To run, you should have a [Milvus instance up and running](https://milvus.io/docs/install_standalone-docker.md), Please make sure your Milvus instance version>=2.4.

## Installation

First, you need to install `pymilvus` python package.

In [None]:
%pip install --upgrade --quiet pymilvus>=2.4.0

## Examples

### Basic Usage

Milvus vector database support both dense vector search and [sparse vector search](https://milvus.io/docs/sparse_vector.md). To use sparse vector search, we need a sparse embedding model, which embed text to sparse vector.
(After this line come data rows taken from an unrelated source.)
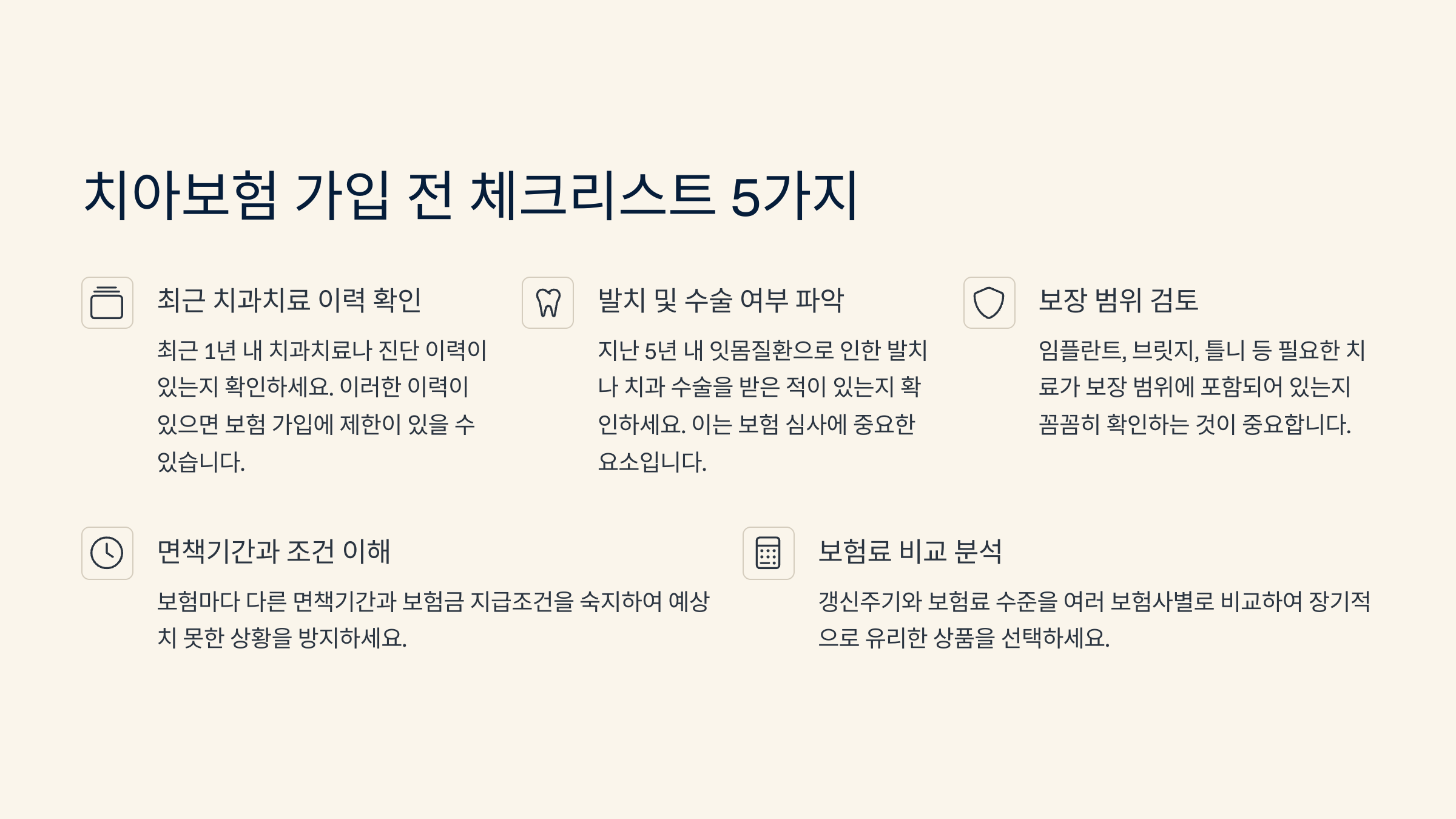 치아 보험 가입을 결정했다면, 이제 어떤 상품을 선택할지가 중요해요. 시중에 나와 있는 치아 보험 상품들은 겉보기에는 비슷해 보이지만, 실제로는 보장 내용과 조건이 천차만별이거든요. 잘못 선택하면 보험료만 내고 정작 필요할 때 제대로 보장받지 못하는 상황이 발생할 수 있어요. 다음 5가지 체크리스트를 꼼꼼히 확인해보세요.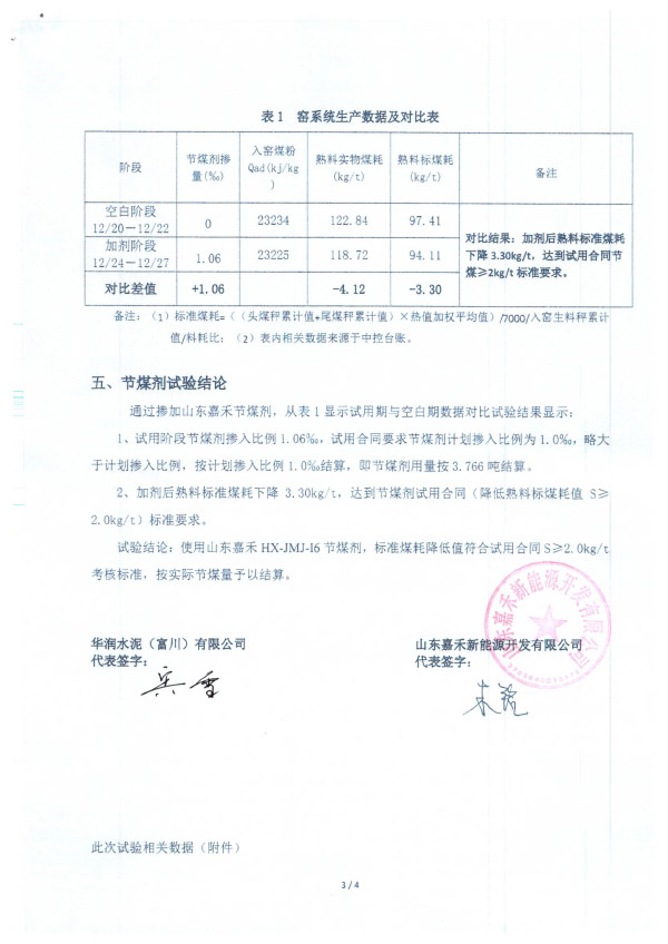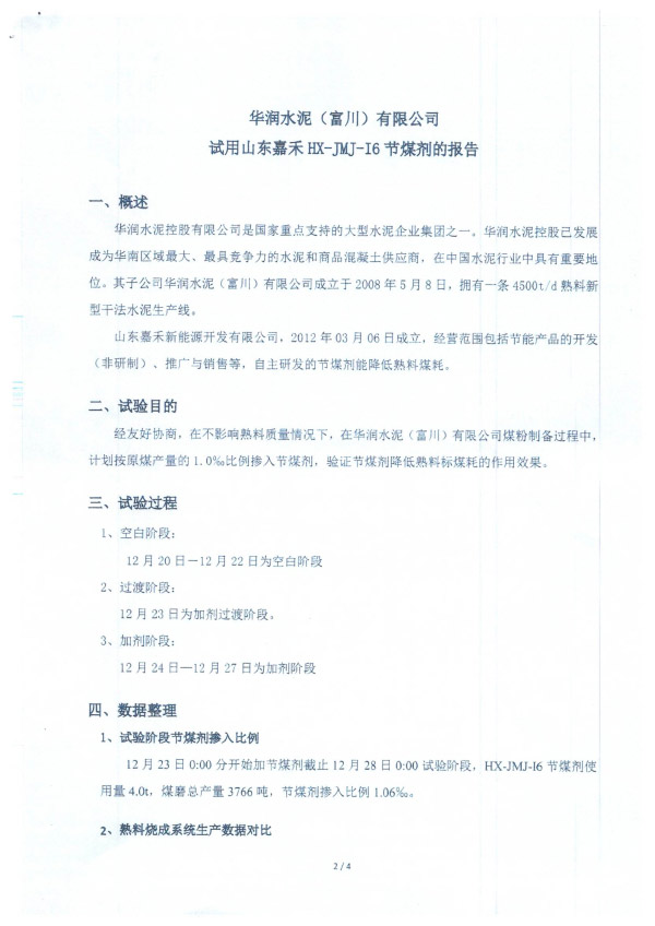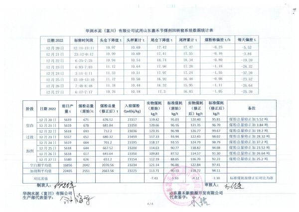 华润水泥节煤剂试用报告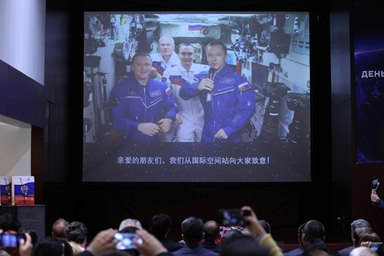 4月12日,世界航天日暨人类首次进入太空60周年庆祝活动在北京举行。该活动由北京俄罗斯文化中心和北京宇航协会联合举办。图为4名俄罗斯航天局宇航员从国际空间站发来视频祝福。(图片来源:中新社)
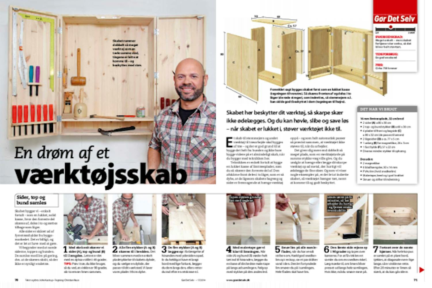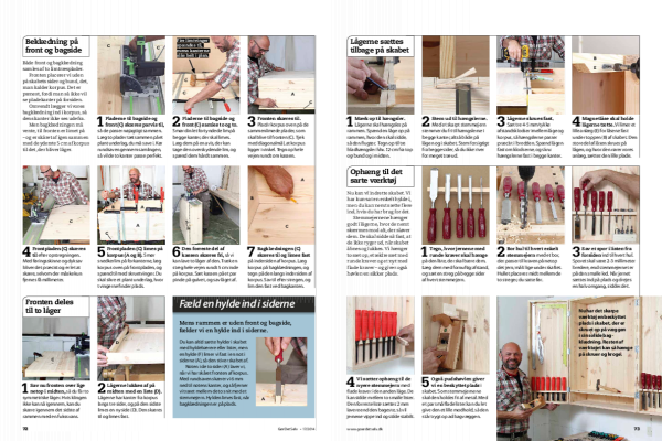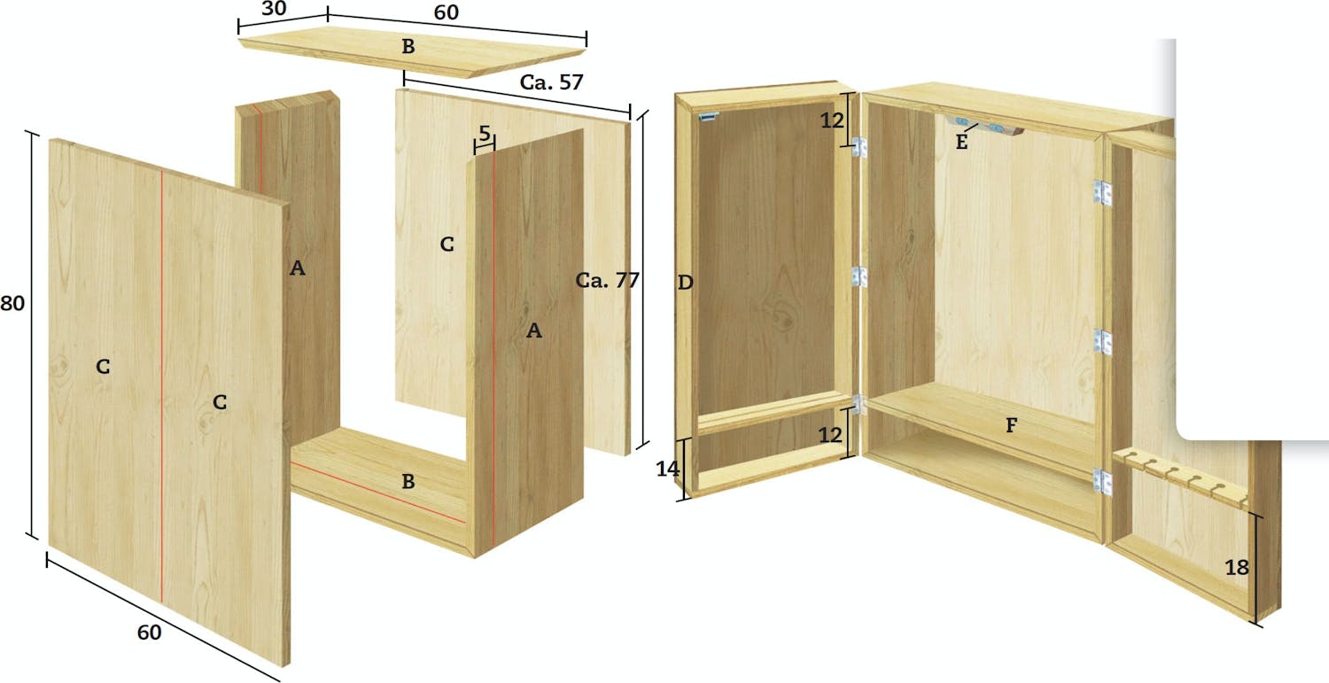 Skabet bygger vi - enkelt fortalt - som en lukket, solid kasse, hvor den forreste del skæres af, deles i to og sættes tilbage som låger.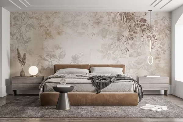 Fototapetes Vintage teksturēta ziedu māksla ar zīmējuma stila delikātu dārza ziedu un lapu ilustrācijām, maigiem pasteļtoņos un sēpijas toņos w09402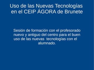 El documento describe una sesión de formación para el profesorado del CEIP Ágora de Brunete sobre el uso de las nuevas tecnologías con los estudiantes. El colegio cuenta con una variedad de recursos tecnológicos como pizarras digitales, tabletas, ordenadores y redes wifi para mejorar el aprendizaje de los estudiantes de manera interactiva.

Sparse vector is a high dimension vector, but almost all element is `0.0`. Let's first define a simple sparse embedding model, we will use a realworld [BGE-M3](https://github.com/FlagOpen/FlagEmbedding/tree/master/FlagEmbedding/BGE_M3) sparse embedding model later.

In [1]:
from typing import Dict, List
import random

from langchain_core.embeddings import Embeddings
from langchain_community.retrievers.milvus_hybrid_search import SparseEmbeddings

class FakeSparseEmbeddings(SparseEmbeddings):
    def embed_documents(self, texts: List[str]) -> List[Dict[int, float]]:
        random.seed(0)
        n = 100  # sparse vector's dimension
        sparse_vectors = []
        for text in texts:
            vector_dict = {}
            k = random.randint(0, 4)
            for i in range(k):
                vector_dict[random.randint(0, n)] = random.random()
            # Hack: This maybe Milvus's bug, which cannot accept an all zero sparse vector.
            if not vector_dict:
                vector_dict = {0: 0.000001}
            sparse_vectors.append(vector_dict)
        return sparse_vectors

    def embed_query(self, text: str) -> List[Dict[int, float]]:
        return self.embed_documents([text])[0]

In [2]:
sparse_embeddings = FakeSparseEmbeddings()

In [3]:
sparse_embeddings.embed_documents(["text-a", "text-b"])

[{53: 0.7579544029403025, 65: 0.04048437818077755, 100: 0.48592769656281265},
 {45: 0.9677999949201714, 27: 0.5833820394550312}]

To use hybrid search, we need one more embedding model, so we define a normal dense embedding as following.

Note: to use hybrid search, you can use more than two embedding models, no matter they are sparse or dense embedding models.

In [4]:
class FakeDenseEmbeddings(Embeddings):
    def embed_documents(self, texts: List[str]) -> List[List[float]]:
        random.seed(42)
        return [[random.random() for i in range(3)] for text in texts]
    
    def embed_query(self, text: str) -> List[float]:
        return self.embed_documents([text])[0]

In [5]:
dense_embeddings = FakeDenseEmbeddings()

In [6]:
dense_embeddings.embed_documents(["text-a", "text-b"])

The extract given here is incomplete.